THE PROBLEM
Please output the line containing "启行试炼:解锁强力输出英雄「" and all lines that follow it in the data below, exactly, with no pictures.
(ENTRIES PROVIDED)
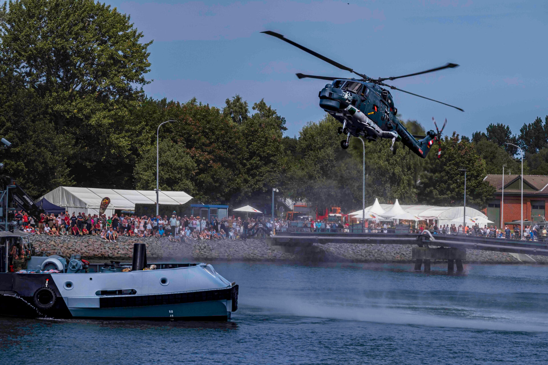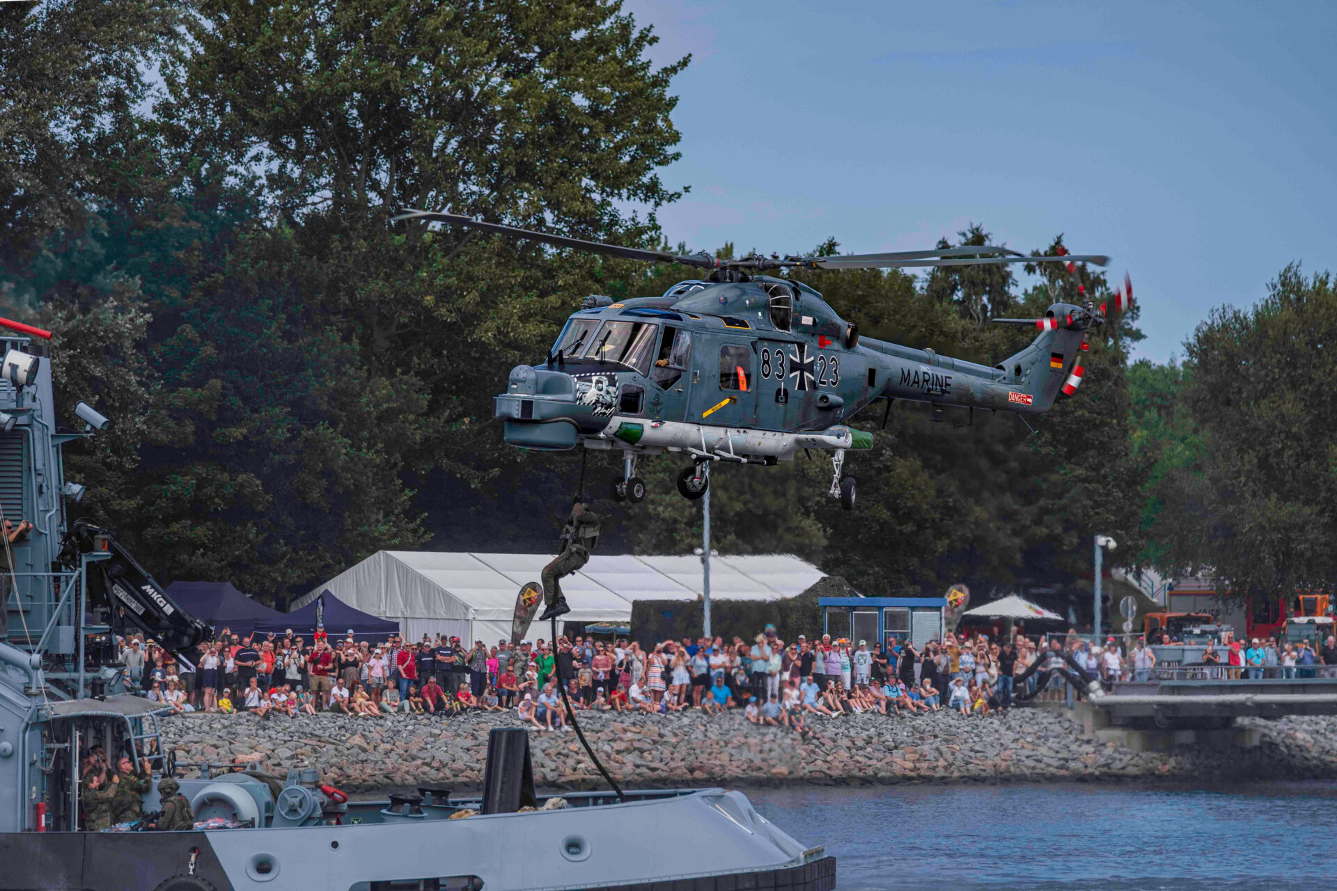 Neben den Kräften der Bundeswehr waren auch zahlreiche Behörden der sogenannten Blaulichtfraktion vertreten. Polizei, Feuerwehr, Technisches Hilfswerk und andere Einsatzorganisationen informierten über ihre Aufgaben und Einsatzmöglichkeiten. Besonders eindrucksvoll präsentierten sich die Marineflieger gemeinsam mit den Fallschirmjägern aus Seedorf sowie der Polizei Hamburg. Im Marinestützpunkt Hohe Düne zeigten sie in einem dynamischen Zusammenspiel mit dem Hafenschlepper Langeness ihre Fähigkeiten. Die Vorführung bot den Zuschauern ein lebendiges Bild von Kooperation und Präzision auf dem Wasser und in der Luft.
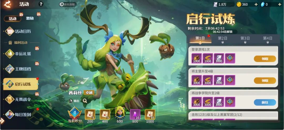 启行试炼:解锁强力输出英雄「茜莉丝」创角后逐天解锁挑战任务,完成任务合计可获得20英雄邀请函和卓越英雄「茜莉丝」。
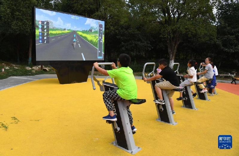 2022年9月4日,小朋友在合肥经济技术开发区南艳湖公园健身。
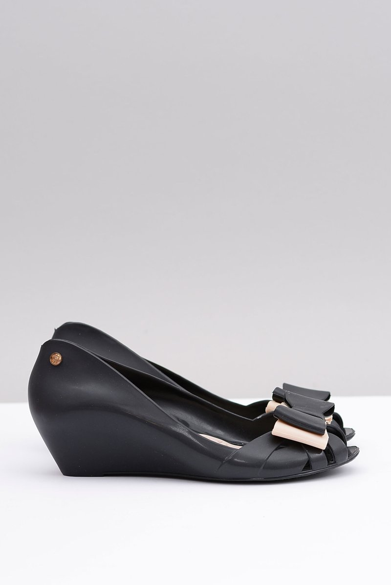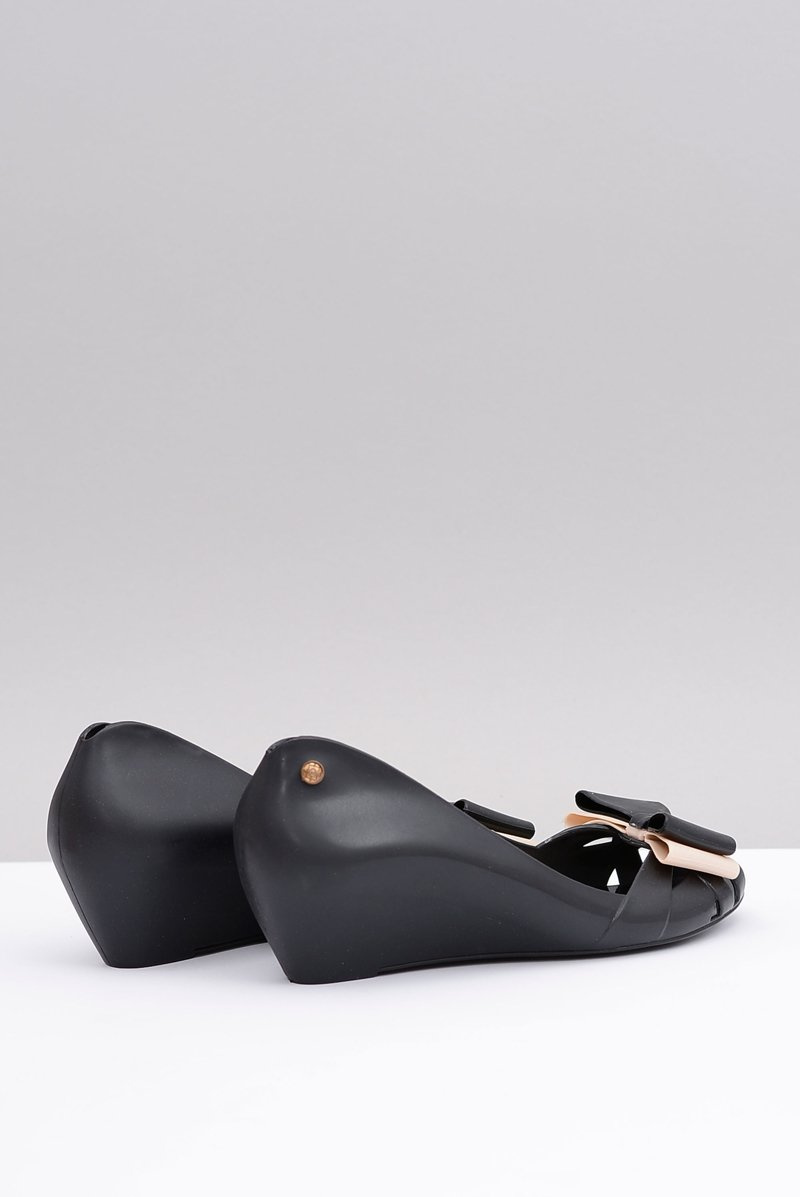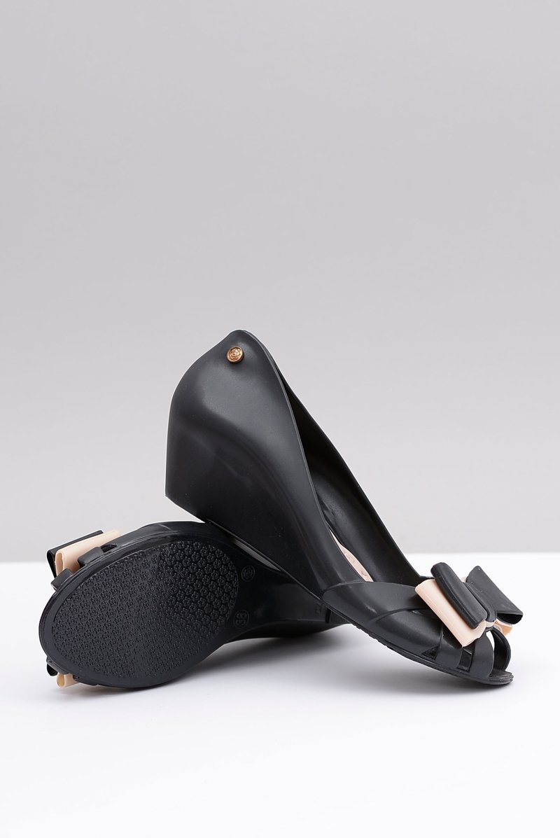 Lu Boo Czarne Gumowe Baleriny Na Koturnie Kokarda Lea
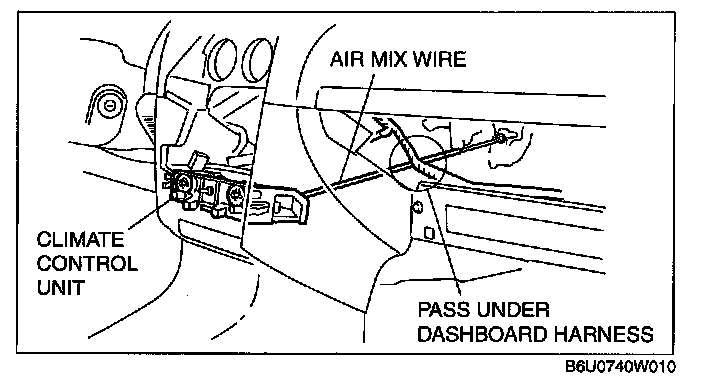 1. Pass air mix wire through the following routes then connect to A/C unit. (Manual air conditioner)
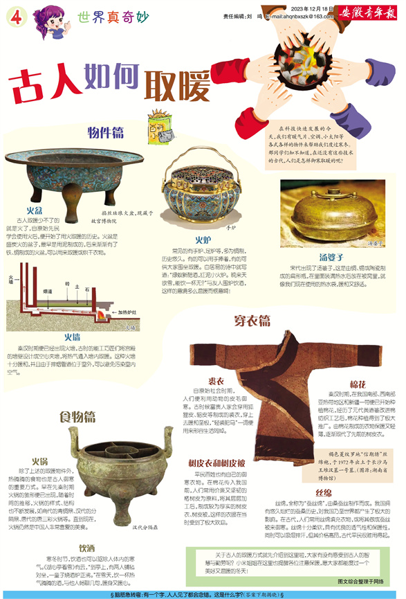 在科技快速发展的今天,我们有暖气片、空调、小太阳等各式各样的物件来帮助我们度过寒冬。那同学们知不知道,在还没有这些技术的古代,人们是怎样御寒取暖的呢?
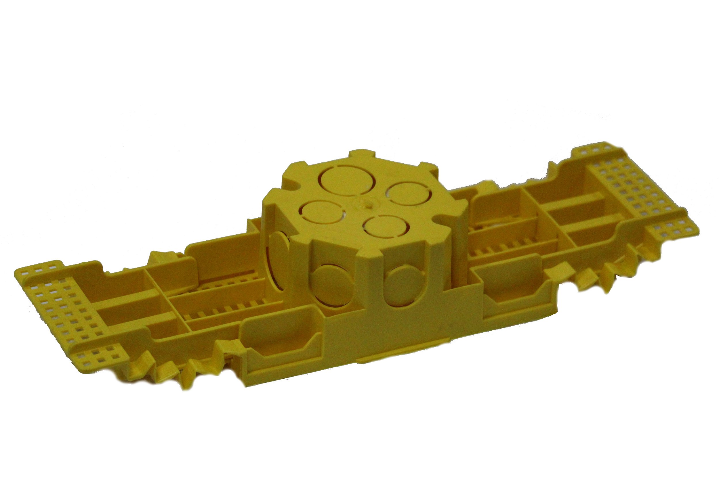 Material de Alta Resistência: Fabricada em PVC de qualidade superior, a caixa suporta as condições rigorosas da obra, resistindo a impactos e à pressão do concreto sem deformações.
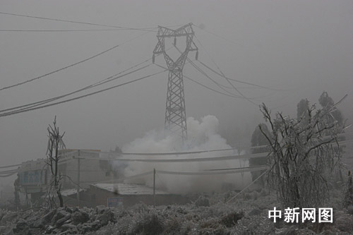 由于天氣持續(xù)惡劣,當(dāng)?shù)毓╇姴块T現(xiàn)加派人員,日夜巡查,一但發(fā)現(xiàn)有電線垂落,危及京珠北通車安全,馬上組織處理。這是首次在廣東京珠北韶關(guān)樂昌境內(nèi)路段采用炸倒電線鐵塔的方法來排除險(xiǎn)情。(完)
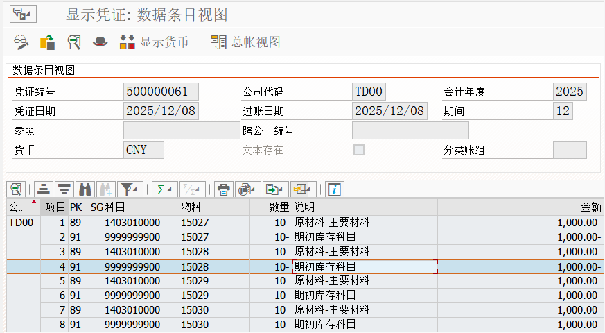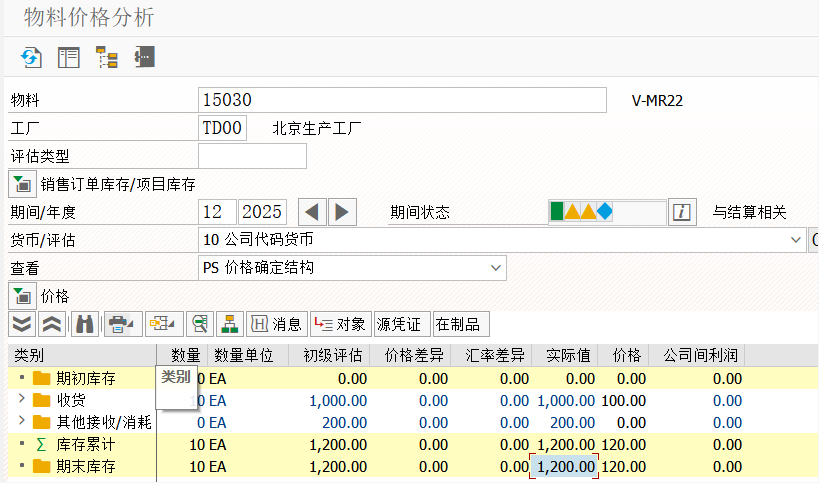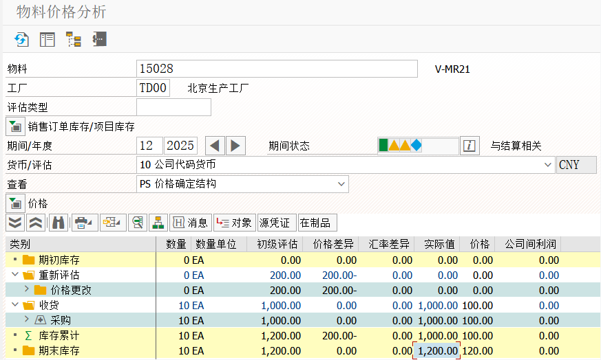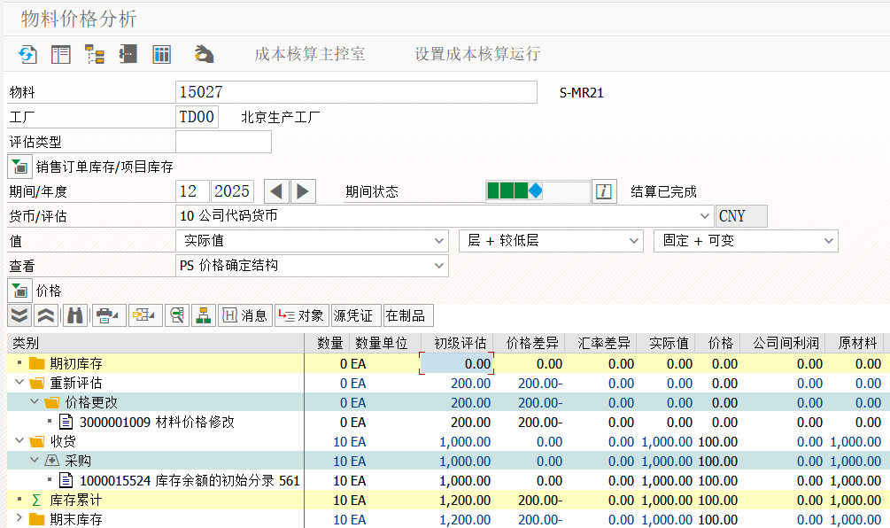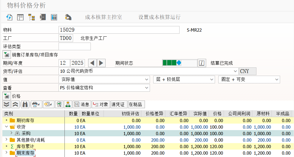 分别入库存10个,金额分别为1000,下图为初始化会计分录,初始化后S价物料无差异产生。下图为初始化会计凭证
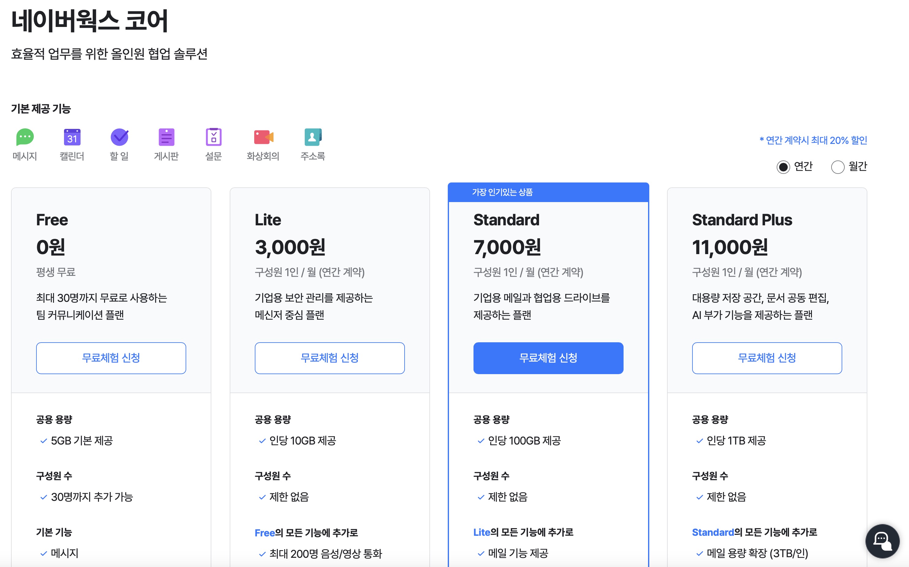 지금 회사에서는 네이버웍스 코어(예전이름 네이버웍스) 스탠다드 상품을 쓰고 있는데 기본으로 드라이브용량 1TB를 주고 1인당 100GB를 추가로 준다. 그래서 1명일 때, 1.1TB의 용량을 가질 수 있다. 월 7000원 표기이지만 부가세 제외금액이므로 실제로는 7700원이라고 봐야한다. 여기에 클라우드를 2TB로 맞추고 싶으면
(End ENTRIES PROVIDED)
RESPONSE TO THIS EXERCISE
 启行试炼:解锁强力输出英雄「茜莉丝」创角后逐天解锁挑战任务,完成任务合计可获得20英雄邀请函和卓越英雄「茜莉丝」。
 2022年9月4日,小朋友在合肥经济技术开发区南艳湖公园健身。
 Lu Boo Czarne Gumowe Baleriny Na Koturnie Kokarda Lea
 1. Pass air mix wire through the following routes then connect to A/C unit. (Manual air conditioner)
 在科技快速发展的今天,我们有暖气片、空调、小太阳等各式各样的物件来帮助我们度过寒冬。那同学们知不知道,在还没有这些技术的古代,人们是怎样御寒取暖的呢?
 Material de Alta Resistência: Fabricada em PVC de qualidade superior, a caixa suporta as condições rigorosas da obra, resistindo a impactos e à pressão do concreto sem deformações.
 由于天氣持續(xù)惡劣,當(dāng)?shù)毓╇姴块T現(xiàn)加派人員,日夜巡查,一但發(fā)現(xiàn)有電線垂落,危及京珠北通車安全,馬上組織處理。這是首次在廣東京珠北韶關(guān)樂昌境內(nèi)路段采用炸倒電線鐵塔的方法來排除險(xiǎn)情。(完)
 分别入库存10个,金额分别为1000,下图为初始化会计分录,初始化后S价物料无差异产生。下图为初始化会计凭证
 지금 회사에서는 네이버웍스 코어(예전이름 네이버웍스) 스탠다드 상품을 쓰고 있는데 기본으로 드라이브용량 1TB를 주고 1인당 100GB를 추가로 준다. 그래서 1명일 때, 1.1TB의 용량을 가질 수 있다. 월 7000원 표기이지만 부가세 제외금액이므로 실제로는 7700원이라고 봐야한다. 여기에 클라우드를 2TB로 맞추고 싶으면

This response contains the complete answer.